Cytocompatibility assessment of dAM hydrogels with different concentrations. (a) Live/dead imaging of HDF cells encapsulated in dAM hydrogels with different concentrations. The HDF cells encapsulated in collagen hydrogel and seeded on the tissue culture plate were imaged as 3D control and 2D control, respectively. (b) Quantitative analysis of cell roundness based on live/dead images. (c) Cell proliferation of HDF cells encapsulated in dAM hydrogels, 3D control, and 2D control [* p < 0.05, ** p < 0.01, *** p < 0.001, **** p < 0.0001, ns = no significant difference].

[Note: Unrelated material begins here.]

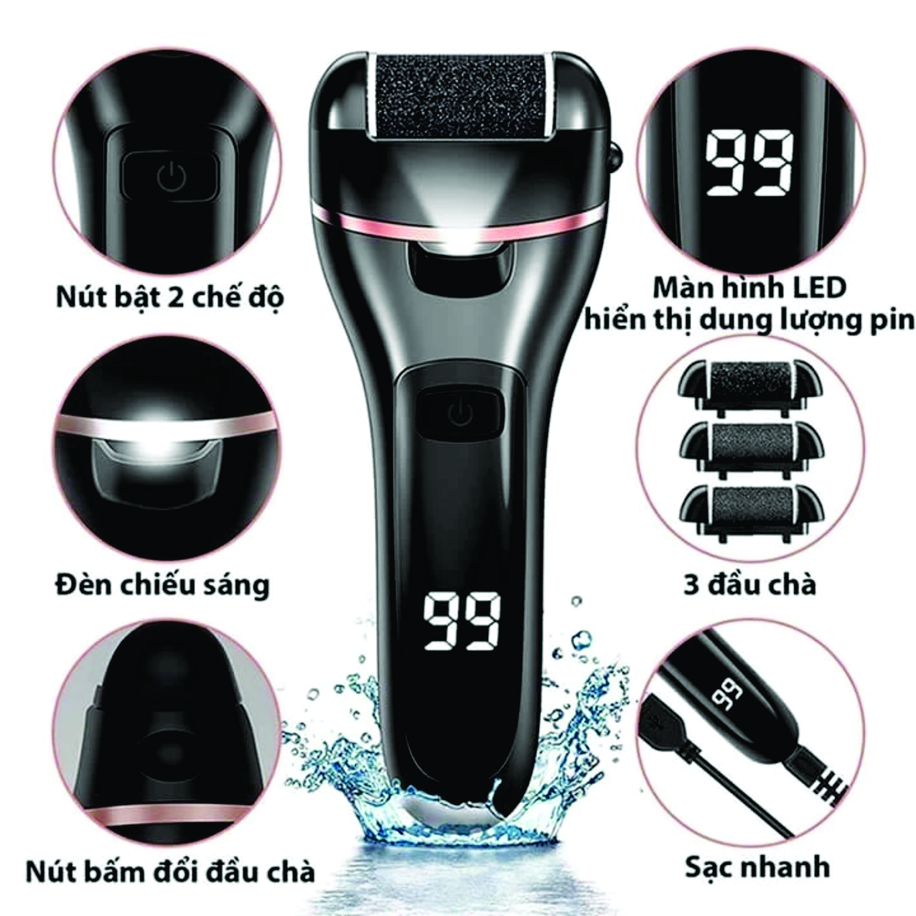 THÔNG TIN SẢN PHẨM Chất liệu sản phẩm: ABS + đầu đá mài Chế độ mài chân: 2 loại (nhanh, chậm) - Điện áp: 3.7V - Công suất: 2W - Dung lượng pin: 500mAh - Màu sắc: Hồng - Trọng lượng kim loại trần: 106g Kích thước kim loại trần: 19,2 * 3,6cm Trọng lượng của một

Figure 5c shows the results of proliferation tests obtained by the CCK-8 method. The data indicate that dAM hydrogels support the proliferative behavior of encapsulated cells, i.e., the proliferation of cells steadily increases over the culture period. The proliferation capacity of encapsulated HDF cells in hydrogels has also been noticed during live/dead assays (Fig. 5a). The comparison of data to the 3D collagen control group also suggests the conducive effect of dAM hydrogels on promoting the proliferation of cells. Yet, the cells embedded in dAM hydrogels seem to be more proliferative compared to merely the collagen control group. This could be attributed to the more complex set of biochemical cues offered by dAM hydrogel, including growth factors, cytokines, GAGs, and other protein constituents as opposed to the singular component of collagen type I18. Meanwhile, the proliferation of cells in AM3 hydrogel is significantly lower than that of the other groups. Similar results have been reported for skin-derived bioinks (SdECM) using NIH3T3 mouse fibroblast cells8, i.e., a bioink containing 2.5%w/v SdECM exhibits inferior cell viability and proliferation compared to 1.5 and 2%w/v bioinks.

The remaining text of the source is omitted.